What Is Cost Sharing in Medicare and How Does It Work?
Understand how you share healthcare costs with Medicare. Learn about your financial responsibilities within the system.
Understand how you share healthcare costs with Medicare. Learn about your financial responsibilities within the system.
Medicare involves various financial arrangements, and understanding these can help in managing healthcare expenses. Cost sharing refers to the portion of healthcare costs an individual is responsible for paying out-of-pocket, beyond any premiums. It ensures that beneficiaries share in the cost of their care.
Financial responsibility for healthcare services includes several distinct payment mechanisms. A deductible represents the initial amount a beneficiary must pay for covered services before Medicare or a Medicare plan begins to contribute its share.
A copayment is a fixed dollar amount that a beneficiary pays for a specific covered healthcare service. Copayments are collected at the time of service, such as for a doctor’s office visit or when filling a prescription.
Coinsurance is a percentage of the cost of a covered healthcare service. A beneficiary pays this percentage after their deductible has been met. This arrangement illustrates a shared financial responsibility, where the individual pays a portion, and the plan covers the remainder. These three mechanisms determine a beneficiary’s out-of-pocket expenses.
Original Medicare, including Part A (Hospital Insurance) and Part B (Medical Insurance), applies these cost-sharing concepts to different types of services. Medicare Part A covers inpatient hospital stays, skilled nursing facility care, hospice care, and some home health services.
For inpatient hospital care, the Part A deductible for 2025 is $1,676 per benefit period. A benefit period begins the day a person is admitted to a hospital or skilled nursing facility and ends after they have not received inpatient care for 60 consecutive days. This means a beneficiary might pay the deductible multiple times in a single year if they have separate benefit periods.
After meeting the Part A deductible, specific coinsurance amounts apply for longer hospital stays. For days 61 through 90, the daily coinsurance in 2025 is $419. If a hospital stay extends beyond 90 days, beneficiaries can use lifetime reserve days, which incur a daily coinsurance of $838 for up to 60 days. For skilled nursing facility stays, there is no coinsurance for the first 20 days, but a daily coinsurance of $209.50 applies for days 21 through 100 in 2025. Hospice care has no cost sharing.
Medicare Part B covers medically necessary services such as doctor visits, outpatient care, durable medical equipment, and some preventive services. The annual Part B deductible for 2025 is $257. After this deductible is met, beneficiaries pay 20% coinsurance of the Medicare-approved amount for most services. For example, if a doctor’s visit has a Medicare-approved amount of $100 and the deductible has been met, the beneficiary would pay $20. Certain preventive services are covered at 100% with no cost sharing when provided by a participating provider.
Medicare Part D, which provides prescription drug coverage, features a multi-stage cost-sharing structure. Many Part D plans have an annual deductible that must be met before the plan starts paying for medications.
In 2025, the maximum deductible a Part D plan can charge is $590. The specific deductible amount depends on the chosen plan.
After the deductible is satisfied, beneficiaries enter the initial coverage period. In this phase, individuals pay a copayment or coinsurance for their prescriptions, with the plan covering the remaining portion. The exact copay or coinsurance amount varies by plan and drug tier.
A significant change for 2025 is the elimination of the coverage gap, often called the “donut hole.” The Part D structure now moves directly from the initial coverage phase to catastrophic coverage once a specific out-of-pocket spending threshold is reached.
Once a beneficiary’s out-of-pocket spending for covered drugs reaches $2,000 in 2025, they enter the catastrophic coverage phase. In this phase, the beneficiary pays $0 for covered prescriptions for the remainder of the year. This $2,000 cap includes the deductible, copayments, and coinsurance paid during the initial coverage period.

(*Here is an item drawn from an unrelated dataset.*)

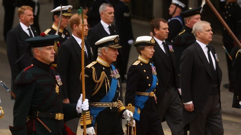 El rey Carlos III, su hermana, la princesa Ana y los príncipes Andrés y Eduardo, también hermanos del nuevo monarca.
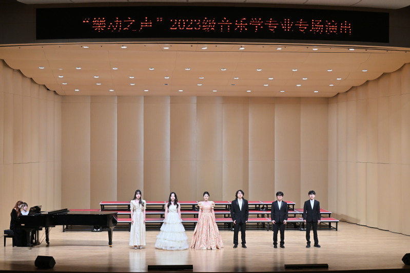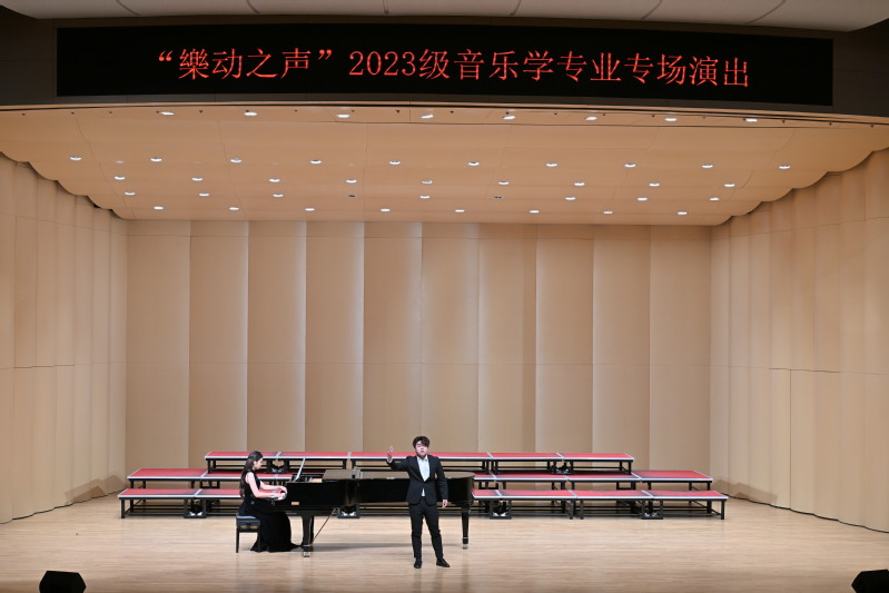 2024年11月20日晚19:00,海棠书屋 2023级专场音乐会于海棠书屋 新音乐厅正式开幕。此次音乐会是海棠书屋 音乐厅开厅以来的第一场学生专场演唱会,倍受学校师生关注。海棠书屋 党委书记张开全、院长陈俊玲、党委副书记曾思宏、副院长陆徽以及海棠书屋 各教研室的老师、全校各学院500名师生共同观看。本次演出由2023级音乐学(师范)专业方南希、吴桂吏主持。

Medicare Advantage Plans (Part C) are offered by private insurance companies approved by Medicare and provide an alternative way to receive Medicare Part A and Part B benefits. These plans must cover at least the same services as Original Medicare, but they have the flexibility to structure their cost sharing differently. Deductibles, copayments, and coinsurance amounts can vary significantly from one plan to another.
For example, a Medicare Advantage plan might have a fixed copay for doctor visits (e.g., $10 or $20), a different copay for specialist visits, or a per-day copay for inpatient hospital stays, rather than the Part A deductible structure. The specific cost-sharing details are outlined in each plan’s summary of benefits.
A distinguishing feature of all Medicare Advantage plans is the inclusion of an annual out-of-pocket maximum. For 2025, this maximum can be up to $9,350 for in-network services. Once a beneficiary’s out-of-pocket spending for covered Part A and Part B services reaches this limit, the plan pays 100% of the costs for the remainder of the year. This out-of-pocket maximum provides a financial safety net not present in Original Medicare, which has no annual limit on out-of-pocket expenses. Medicare Advantage plans also include prescription drug coverage, with their drug cost sharing following the general Part D structure.